* _Collected data_
⁂

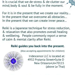 I made a visit to Iridescence Healing after feeling off, specifically unmotivated and disconnected. I knew that Met was special as soon as I talked to her. She has a vibe that is so pleasant to be around. My session was so relaxing and peaceful and afterwards, I felt so reconnected and my energy was pulsating. She gave me some advice on "aftercare" chakra work when my session was over. The feeling lasted a long time and I have since been able to reconnect to this side of myself. I have recommended her to several of my friends who are familiar with Reiki and some who are not. I would highly recommend her. I cannot wait to go back.
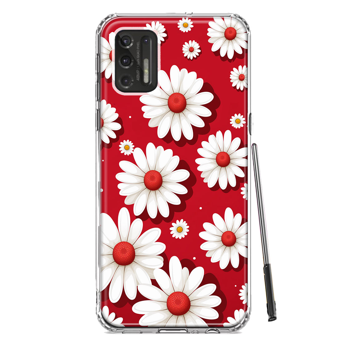 For Motorola Moto G Stylus 2021 Cute White Red Daisies Polkadots Double Layer Phone Case Cover
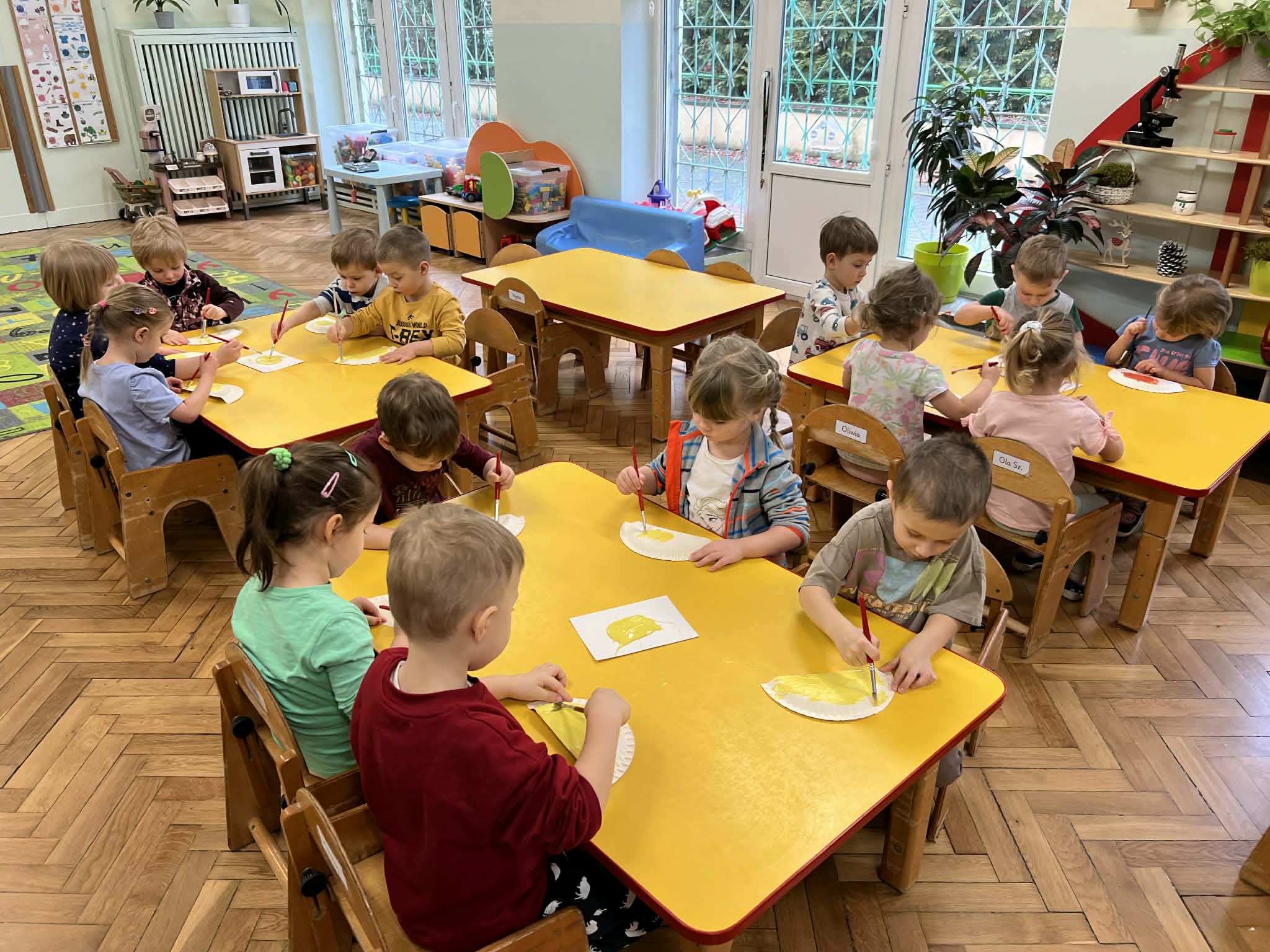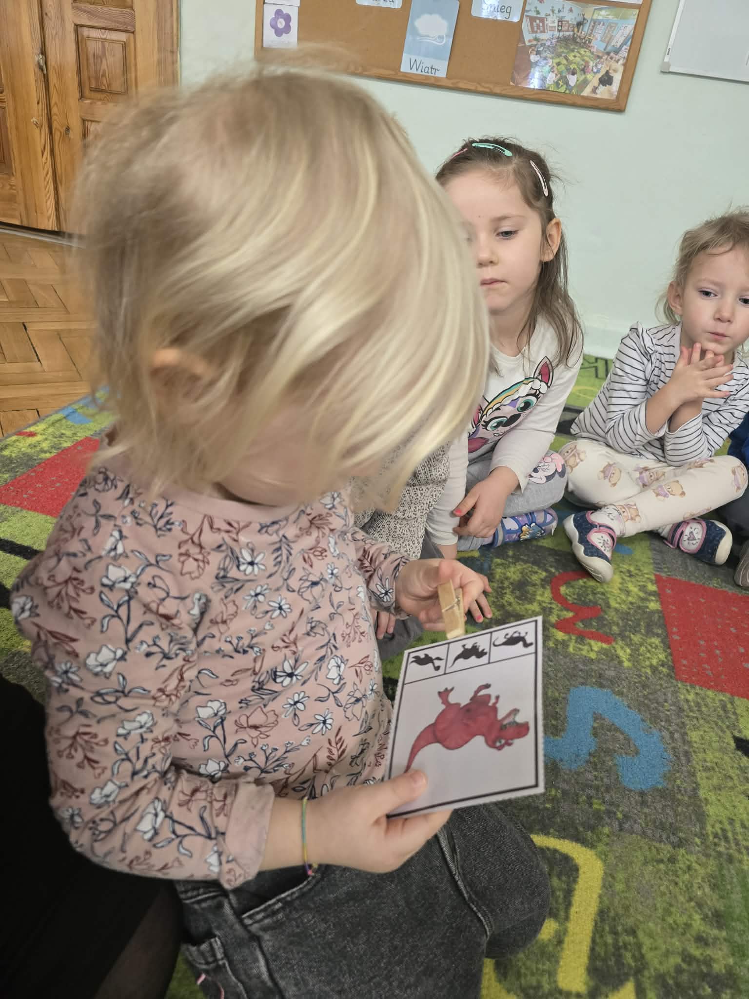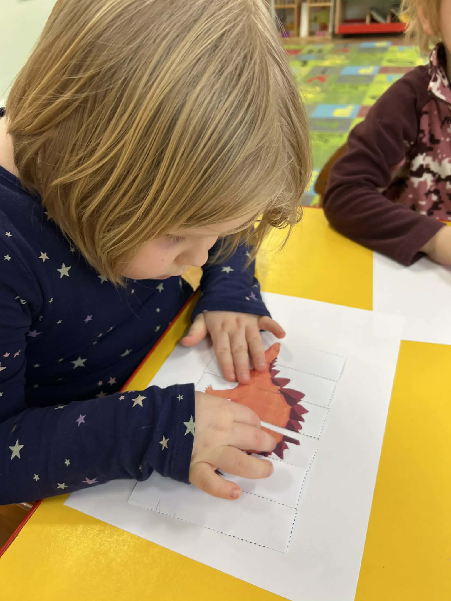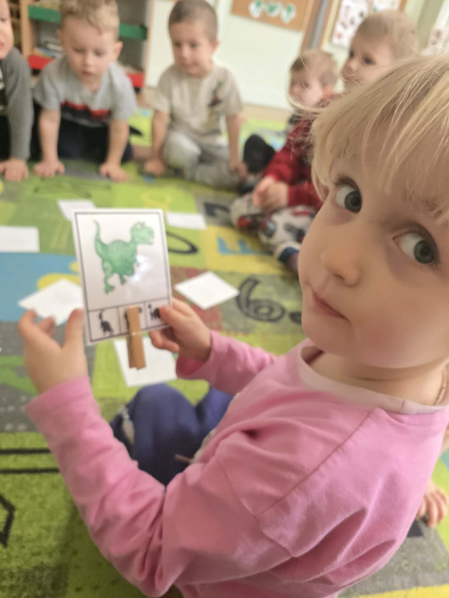 Podczas zajęć dużo tworzyliśmy – kolorowaliśmy ilustracje dinozaurów, wycinaliśmy oraz przygotowywaliśmy własne prace plastyczne. Ćwiczyliśmy także kierunki przestrzenne, określając, gdzie znajduje się dinozaur.

⁂

* _How to complete this task_
Excluding the images, copy all of the material above verbatim.

* _Output for this task_
 I made a visit to Iridescence Healing after feeling off, specifically unmotivated and disconnected. I knew that Met was special as soon as I talked to her. She has a vibe that is so pleasant to be around. My session was so relaxing and peaceful and afterwards, I felt so reconnected and my energy was pulsating. She gave me some advice on "aftercare" chakra work when my session was over. The feeling lasted a long time and I have since been able to reconnect to this side of myself. I have recommended her to several of my friends who are familiar with Reiki and some who are not. I would highly recommend her. I cannot wait to go back.
 For Motorola Moto G Stylus 2021 Cute White Red Daisies Polkadots Double Layer Phone Case Cover
 Podczas zajęć dużo tworzyliśmy – kolorowaliśmy ilustracje dinozaurów, wycinaliśmy oraz przygotowywaliśmy własne prace plastyczne. Ćwiczyliśmy także kierunki przestrzenne, określając, gdzie znajduje się dinozaur.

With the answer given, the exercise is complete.